WHAT YOU NEED TO DO:
Please give the lines below again exactly as they stand, from the one that contains "Enjoy our comfy" up to and including the one that contains "Рукавички боксерські Zelart", leaving all pictures out.

--- PROVIDED DATA ---

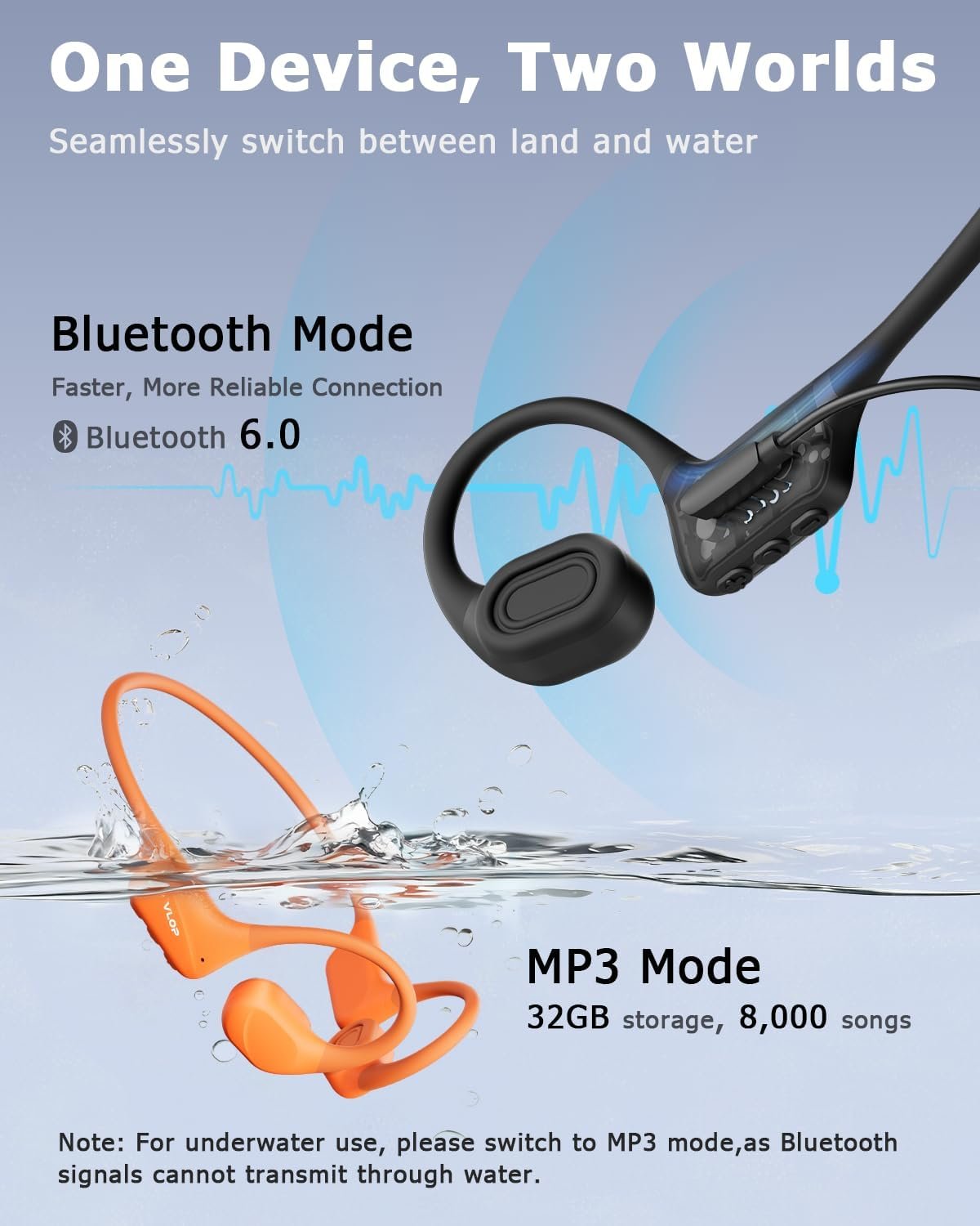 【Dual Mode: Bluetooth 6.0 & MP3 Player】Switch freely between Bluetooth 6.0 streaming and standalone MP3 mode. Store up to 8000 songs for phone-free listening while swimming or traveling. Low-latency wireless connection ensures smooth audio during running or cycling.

---
--- PROVIDED DATA ---

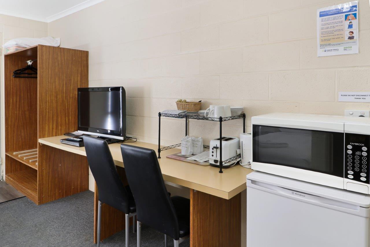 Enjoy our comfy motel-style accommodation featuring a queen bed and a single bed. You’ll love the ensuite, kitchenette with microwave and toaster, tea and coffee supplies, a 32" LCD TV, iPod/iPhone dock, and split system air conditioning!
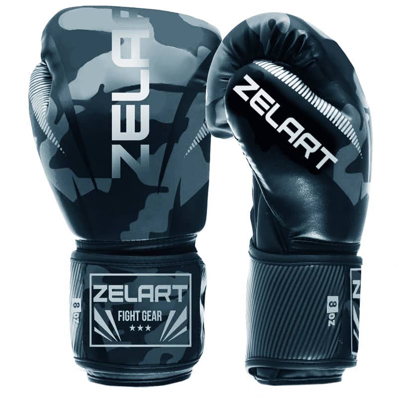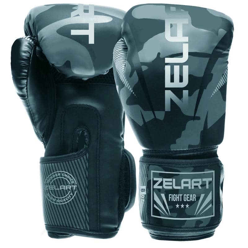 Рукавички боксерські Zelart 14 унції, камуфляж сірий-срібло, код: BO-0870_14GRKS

---
--- PROVIDED DATA ---

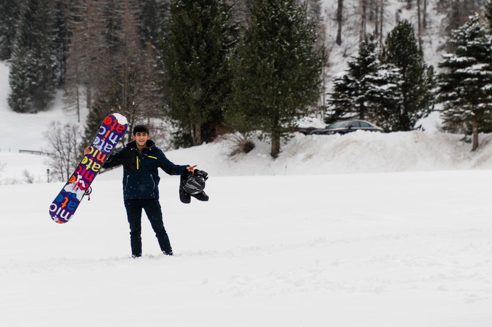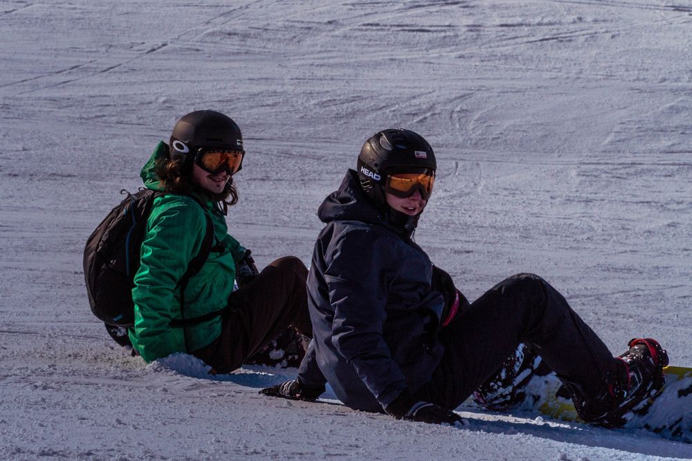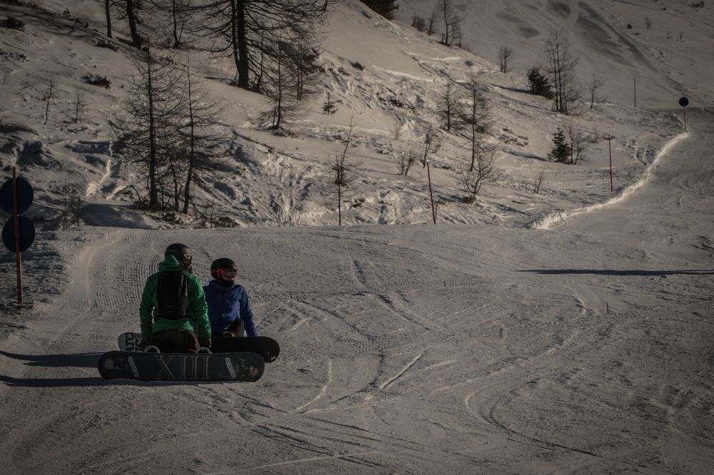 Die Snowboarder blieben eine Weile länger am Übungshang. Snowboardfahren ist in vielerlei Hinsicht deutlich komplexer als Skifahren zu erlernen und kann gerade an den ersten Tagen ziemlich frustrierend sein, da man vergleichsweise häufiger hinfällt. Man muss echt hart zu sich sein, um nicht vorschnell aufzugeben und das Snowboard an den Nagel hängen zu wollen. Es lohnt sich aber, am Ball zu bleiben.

---

RESPONSE AREA:
 Enjoy our comfy motel-style accommodation featuring a queen bed and a single bed. You’ll love the ensuite, kitchenette with microwave and toaster, tea and coffee supplies, a 32" LCD TV, iPod/iPhone dock, and split system air conditioning!
 Рукавички боксерські Zelart 14 унції, камуфляж сірий-срібло, код: BO-0870_14GRKS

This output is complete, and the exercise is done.